==== Data shown
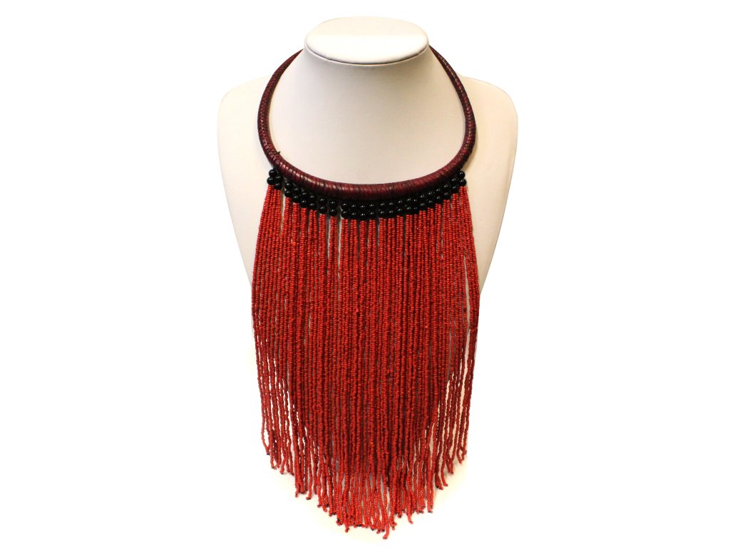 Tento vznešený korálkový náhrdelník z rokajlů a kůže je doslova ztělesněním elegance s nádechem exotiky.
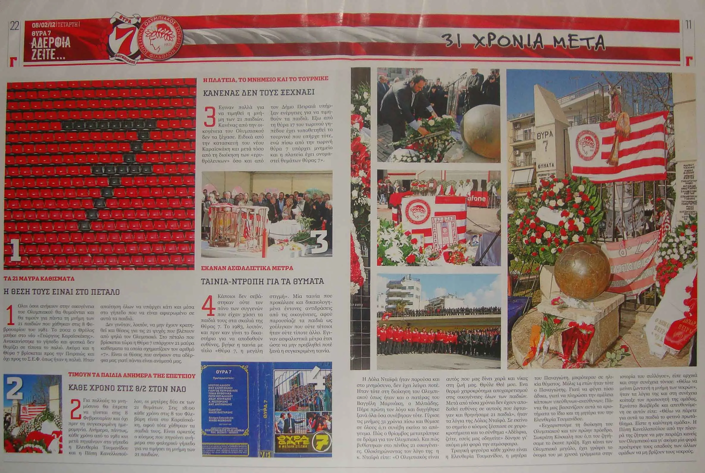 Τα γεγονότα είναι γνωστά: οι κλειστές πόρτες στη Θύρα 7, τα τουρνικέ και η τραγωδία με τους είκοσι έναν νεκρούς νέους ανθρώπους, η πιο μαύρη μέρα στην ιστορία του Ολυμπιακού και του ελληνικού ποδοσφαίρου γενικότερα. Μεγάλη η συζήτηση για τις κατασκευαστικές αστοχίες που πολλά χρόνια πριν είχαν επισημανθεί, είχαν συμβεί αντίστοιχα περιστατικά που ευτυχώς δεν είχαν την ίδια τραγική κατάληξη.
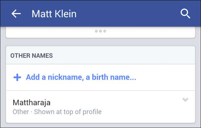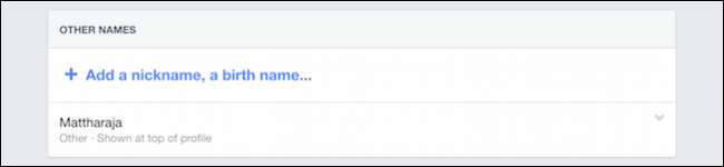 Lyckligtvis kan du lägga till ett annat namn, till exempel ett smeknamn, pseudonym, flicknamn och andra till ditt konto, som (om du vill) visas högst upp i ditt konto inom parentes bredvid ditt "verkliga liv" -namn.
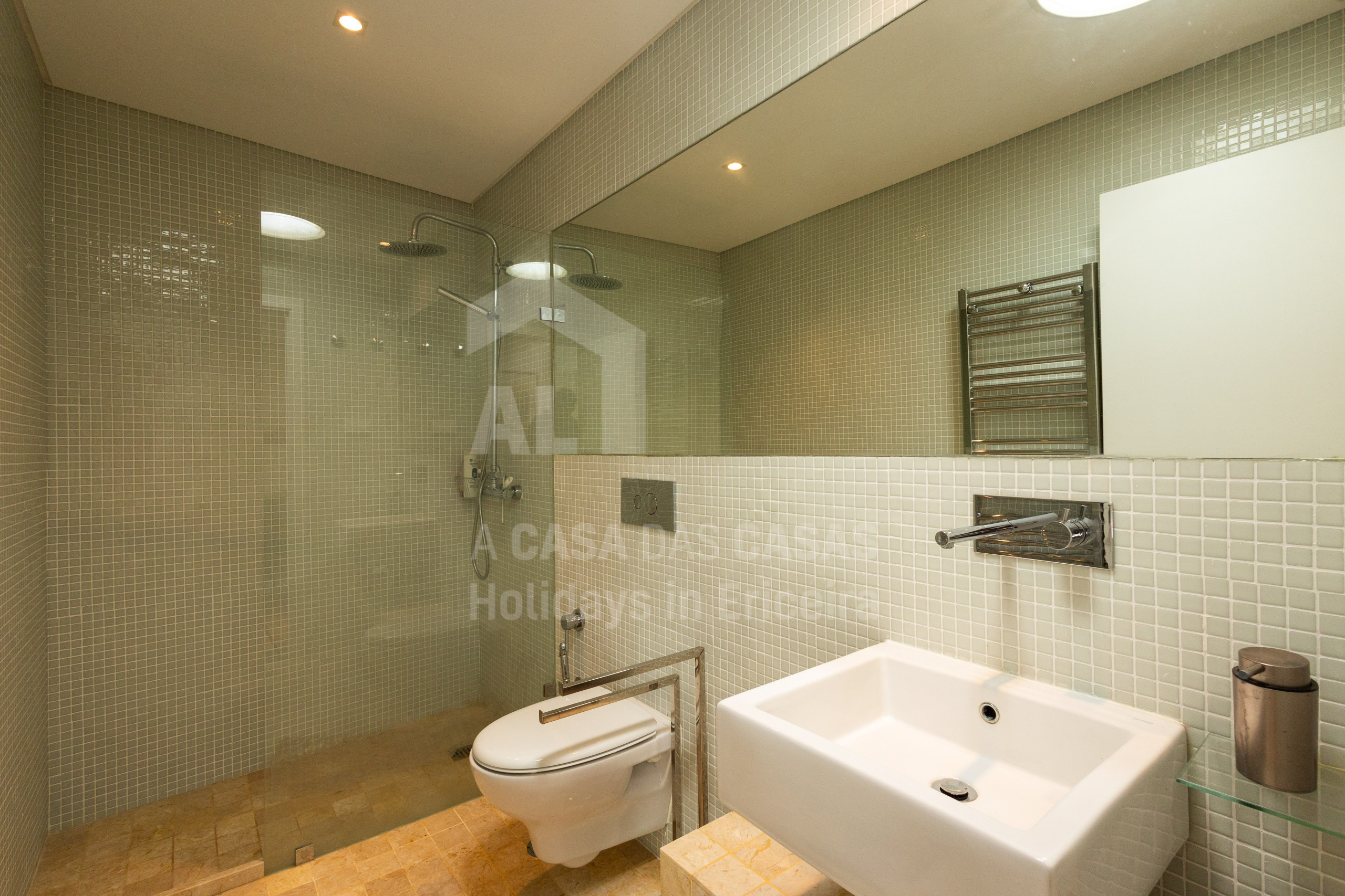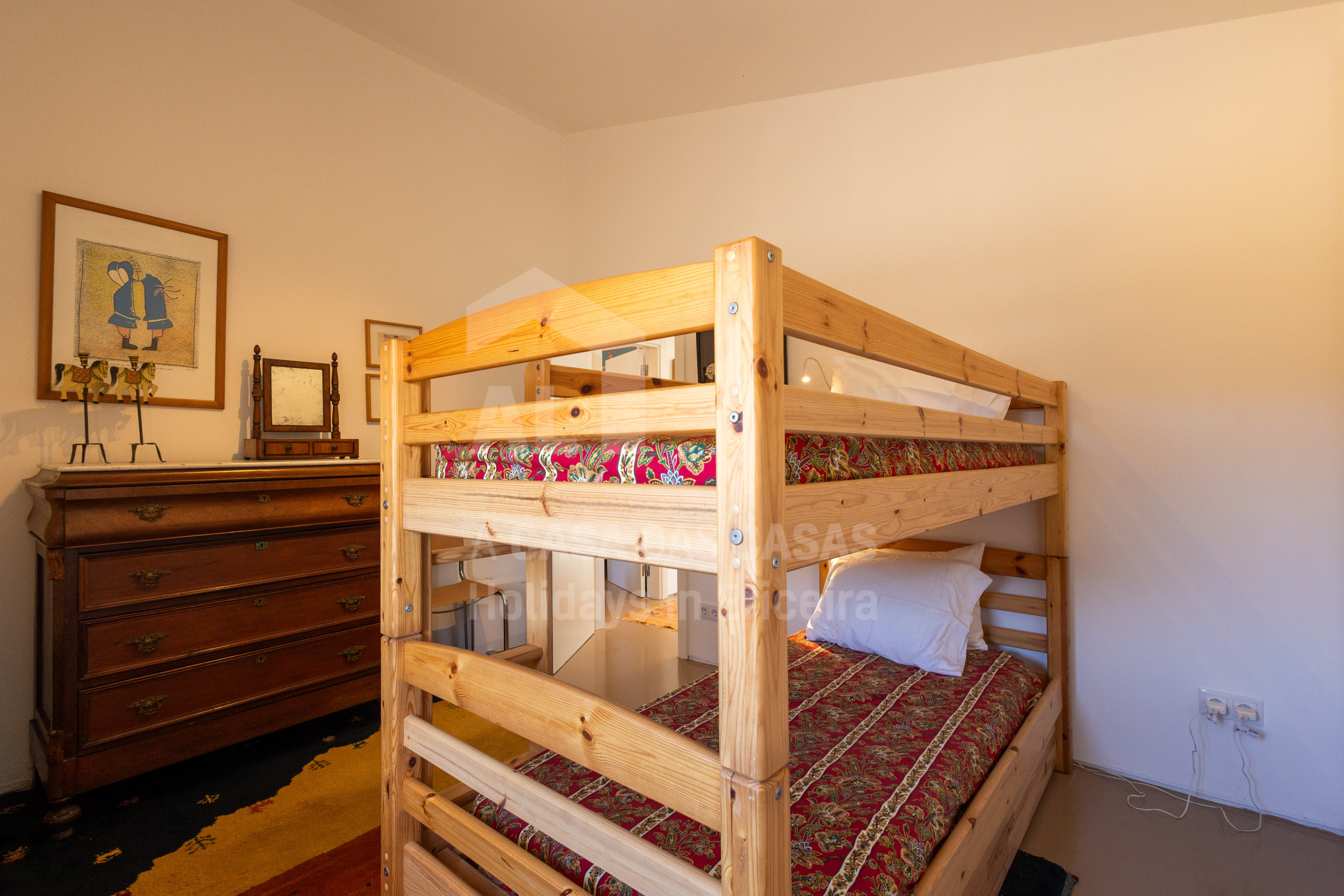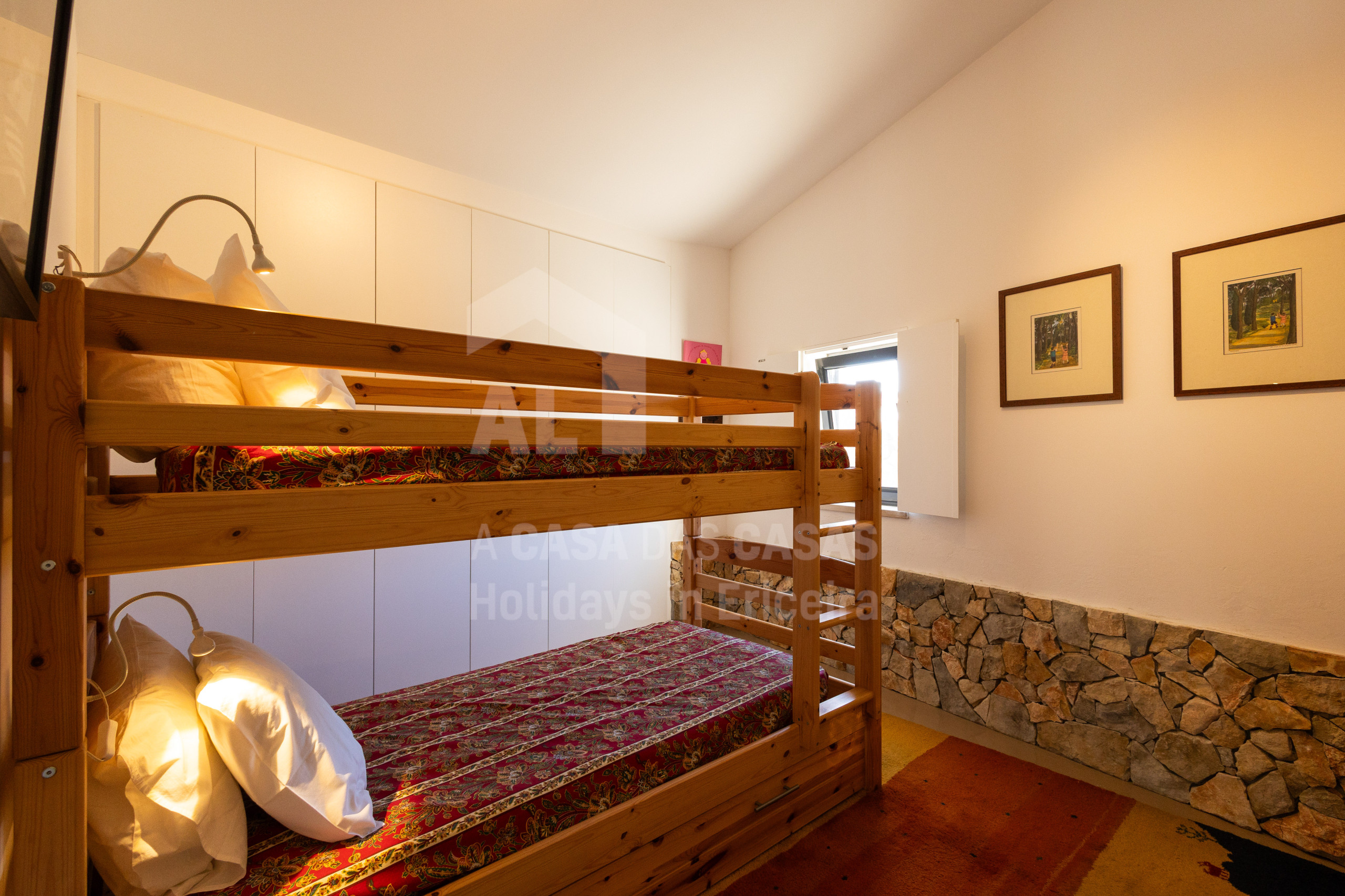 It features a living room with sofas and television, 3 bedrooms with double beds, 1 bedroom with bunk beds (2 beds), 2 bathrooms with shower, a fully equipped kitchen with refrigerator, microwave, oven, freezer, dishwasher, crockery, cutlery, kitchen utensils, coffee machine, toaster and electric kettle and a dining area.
========
Please set down every line of the listing verbatim, excluding its pictures.

### Response area
 Tento vznešený korálkový náhrdelník z rokajlů a kůže je doslova ztělesněním elegance s nádechem exotiky.
 Τα γεγονότα είναι γνωστά: οι κλειστές πόρτες στη Θύρα 7, τα τουρνικέ και η τραγωδία με τους είκοσι έναν νεκρούς νέους ανθρώπους, η πιο μαύρη μέρα στην ιστορία του Ολυμπιακού και του ελληνικού ποδοσφαίρου γενικότερα. Μεγάλη η συζήτηση για τις κατασκευαστικές αστοχίες που πολλά χρόνια πριν είχαν επισημανθεί, είχαν συμβεί αντίστοιχα περιστατικά που ευτυχώς δεν είχαν την ίδια τραγική κατάληξη.
 Lyckligtvis kan du lägga till ett annat namn, till exempel ett smeknamn, pseudonym, flicknamn och andra till ditt konto, som (om du vill) visas högst upp i ditt konto inom parentes bredvid ditt "verkliga liv" -namn.
 It features a living room with sofas and television, 3 bedrooms with double beds, 1 bedroom with bunk beds (2 beds), 2 bathrooms with shower, a fully equipped kitchen with refrigerator, microwave, oven, freezer, dishwasher, crockery, cutlery, kitchen utensils, coffee machine, toaster and electric kettle and a dining area.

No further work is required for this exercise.